The optimisation of computational performance remains a central challenge in modern computing, particularly as the complexity of deep neural networks continues to increase. Predicting the performance of individual program components, known as GPU kernels, is crucial for efficient resource allocation and code refinement. Researchers now present a novel approach utilising large language models (LLMs) to forecast GPU kernel performance directly from source code, bypassing traditional, time-consuming execution and profiling methods. Zixian Wang from the University of Illinois Urbana-Champaign and Muhammad A. Awad from AMD detail this work in their paper, “Omniwise: Predicting GPU Kernel Performance with LLMs”, demonstrating a lightweight, model-agnostic pipeline capable of achieving over 90% of predictions within a 10% relative error on AMD’s MI250 and MI300X architectures.

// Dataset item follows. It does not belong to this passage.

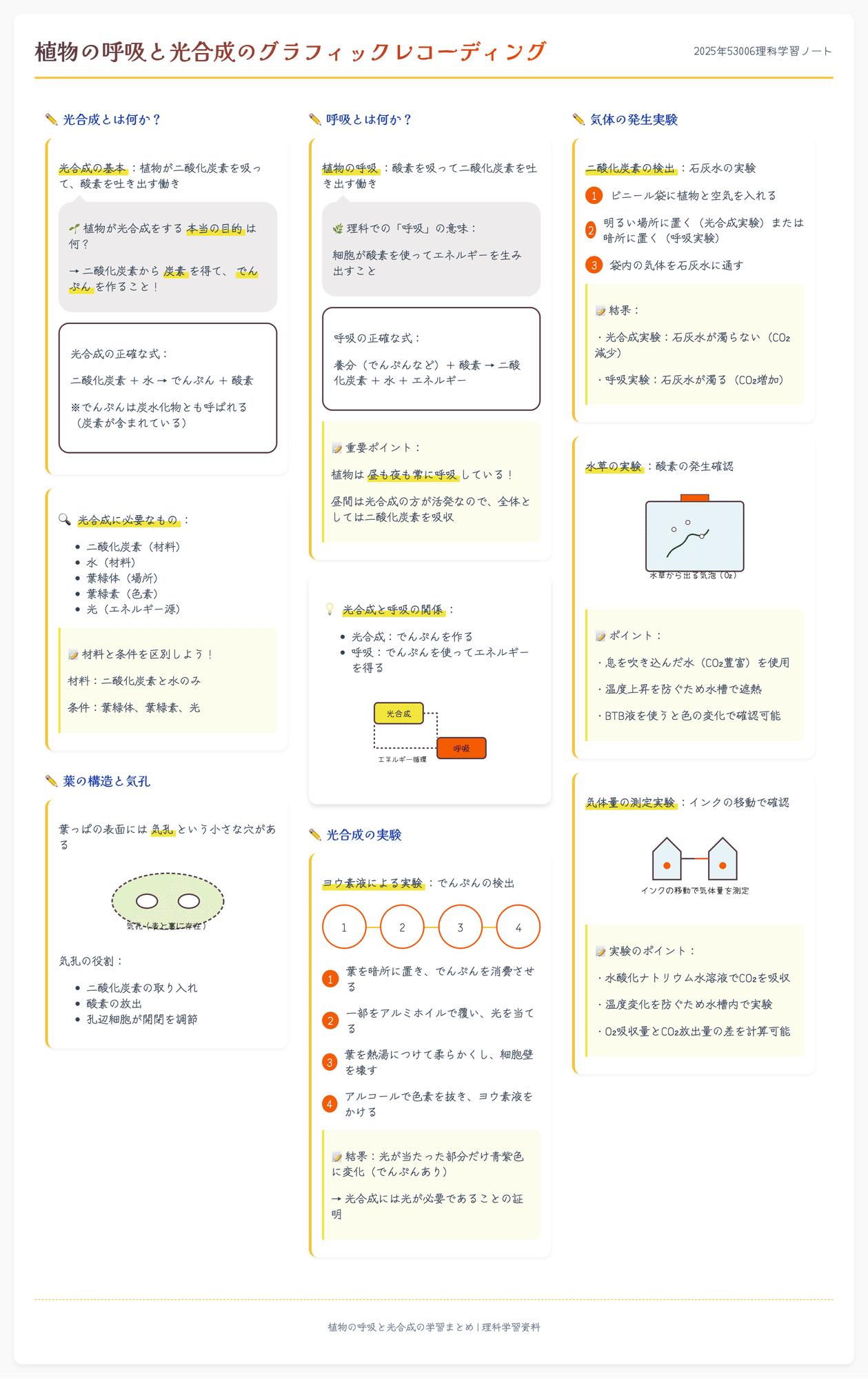 中2生物 光合成と呼吸の実験中学理科 ポイントまとめと整理。

The optimisation of applications utilising Graphics Processing Units (GPUs) necessitates innovative methods for performance analysis, and researchers have introduced Omniwise, a system employing large language models (LLMs) to predict GPU kernel performance with notable accuracy. Unlike conventional profiling techniques which require code execution and dedicated tools, Omniwise predicts key performance metrics directly from the kernel code itself.

Omniwise consistently achieves predictions within a 10% relative error margin when tested on MI250 and MI300X GPU architectures. Its design is model-agnostic and lightweight, delivering strong results even with a relatively small 3-billion parameter model. Researchers demonstrate the LLM’s capacity to estimate crucial performance indicators, including memory bandwidth, cache hit rates, Giga Floating Point Operations Per Second (GFLOPs), and arithmetic intensity. GFLOPs represent a measure of a processor’s floating-point computing performance, while cache hit rates indicate how frequently data is found in the faster cache memory, impacting overall speed.

Central to Omniwise’s functionality is the prediction of arithmetic intensity, a metric quantifying the ratio of floating-point operations to memory accesses. Higher values generally indicate improved performance, as the processor spends more time performing calculations and less time retrieving data. By accurately estimating this value, Omniwise provides developers with insights into potential performance bottlenecks within their GPU kernels, enabling targeted optimisation efforts. The system utilises LoRA (Low-Rank Adaptation), a technique for efficiently fine-tuning LLMs, minimising computational overhead and maximising performance.

Researchers have developed an online inference server and a Visual Studio Code plugin to facilitate seamless integration into existing development workflows. These tools allow developers to incorporate LLM-based performance prediction directly into their coding process, identifying and addressing performance issues early in the development cycle.

Future work includes expanding the scope of predicted performance metrics to include power consumption and exploring application to a wider range of GPU architectures. Improving the model’s ability to handle complex kernel code and optimise predictions for specific hardware configurations are key areas for development. Expanding the training dataset to include more diverse and representative GPU kernels will enhance the model’s generalisation capabilities and improve accuracy across a broader spectrum of applications.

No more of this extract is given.